> _Goal of the exercise_: Wherever the line with "Рекурсией называется способ" sits in the listing below, transcribe from it up to and including the line with "Слайд 21Это укрупнённая", exactly, and leave the remaining lines out.
[Task inputs Boundary: Start]
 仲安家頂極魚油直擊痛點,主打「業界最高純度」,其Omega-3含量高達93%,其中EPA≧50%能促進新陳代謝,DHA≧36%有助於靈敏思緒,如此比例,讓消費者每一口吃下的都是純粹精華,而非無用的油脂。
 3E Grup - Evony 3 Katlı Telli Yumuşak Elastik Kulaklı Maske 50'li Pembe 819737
[Task inputs Boundary: End]
[Task inputs Boundary: Start]
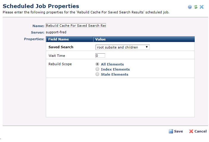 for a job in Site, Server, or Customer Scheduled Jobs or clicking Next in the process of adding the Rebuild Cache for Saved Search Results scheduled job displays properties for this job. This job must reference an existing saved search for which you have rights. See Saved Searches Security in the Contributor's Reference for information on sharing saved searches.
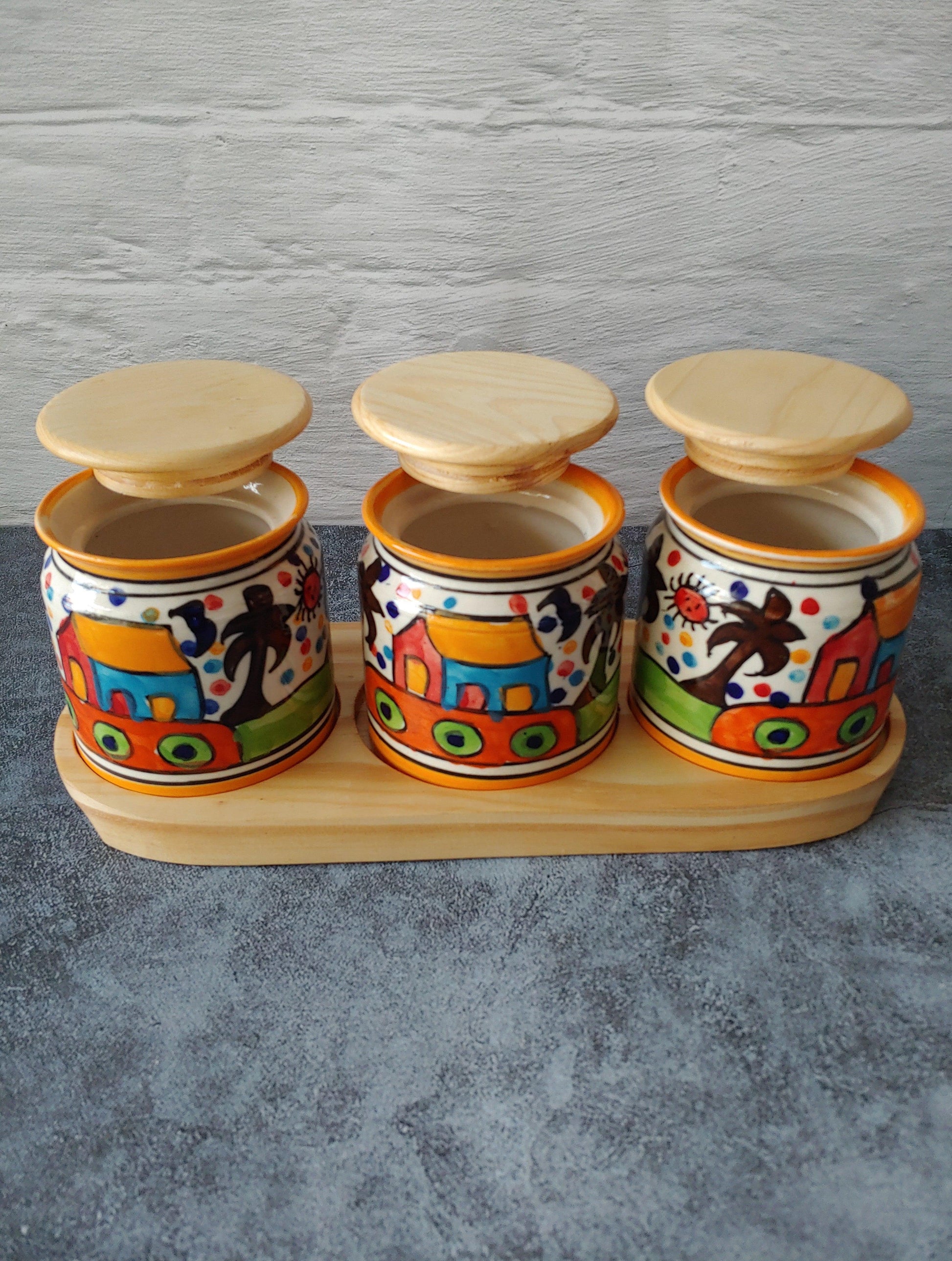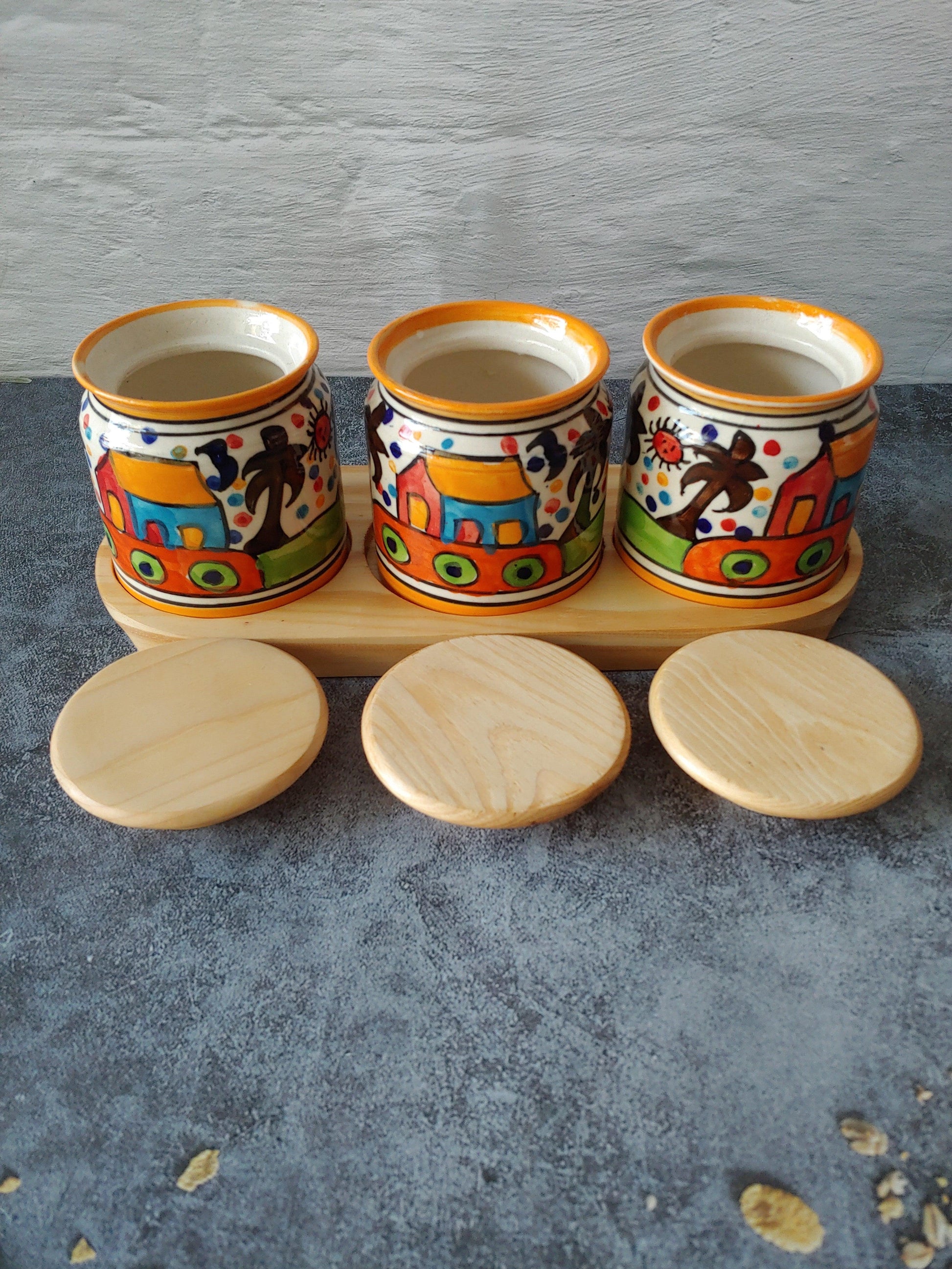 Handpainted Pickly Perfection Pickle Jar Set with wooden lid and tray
[Task inputs Boundary: End]
[Task inputs Boundary: Start]
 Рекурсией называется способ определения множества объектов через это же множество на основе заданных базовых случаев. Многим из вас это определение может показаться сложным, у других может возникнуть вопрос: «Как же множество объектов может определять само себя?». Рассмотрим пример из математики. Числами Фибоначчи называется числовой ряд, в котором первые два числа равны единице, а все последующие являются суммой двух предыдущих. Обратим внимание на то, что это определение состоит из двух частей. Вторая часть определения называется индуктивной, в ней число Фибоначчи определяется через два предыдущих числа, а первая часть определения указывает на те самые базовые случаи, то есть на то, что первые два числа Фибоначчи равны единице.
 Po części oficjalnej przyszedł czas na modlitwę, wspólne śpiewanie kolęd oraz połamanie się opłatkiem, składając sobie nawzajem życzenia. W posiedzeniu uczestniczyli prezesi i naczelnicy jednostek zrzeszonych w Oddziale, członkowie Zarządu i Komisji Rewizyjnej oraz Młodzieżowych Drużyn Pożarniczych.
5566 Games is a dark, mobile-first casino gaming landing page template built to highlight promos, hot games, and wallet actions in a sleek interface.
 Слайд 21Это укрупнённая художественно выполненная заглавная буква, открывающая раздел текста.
[Task inputs Boundary: End]
> _Answer to this problem_:
 Рекурсией называется способ определения множества объектов через это же множество на основе заданных базовых случаев. Многим из вас это определение может показаться сложным, у других может возникнуть вопрос: «Как же множество объектов может определять само себя?». Рассмотрим пример из математики. Числами Фибоначчи называется числовой ряд, в котором первые два числа равны единице, а все последующие являются суммой двух предыдущих. Обратим внимание на то, что это определение состоит из двух частей. Вторая часть определения называется индуктивной, в ней число Фибоначчи определяется через два предыдущих числа, а первая часть определения указывает на те самые базовые случаи, то есть на то, что первые два числа Фибоначчи равны единице.
 Po części oficjalnej przyszedł czas na modlitwę, wspólne śpiewanie kolęd oraz połamanie się opłatkiem, składając sobie nawzajem życzenia. W posiedzeniu uczestniczyli prezesi i naczelnicy jednostek zrzeszonych w Oddziale, członkowie Zarządu i Komisji Rewizyjnej oraz Młodzieżowych Drużyn Pożarniczych.
5566 Games is a dark, mobile-first casino gaming landing page template built to highlight promos, hot games, and wallet actions in a sleek interface.
 Слайд 21Это укрупнённая художественно выполненная заглавная буква, открывающая раздел текста.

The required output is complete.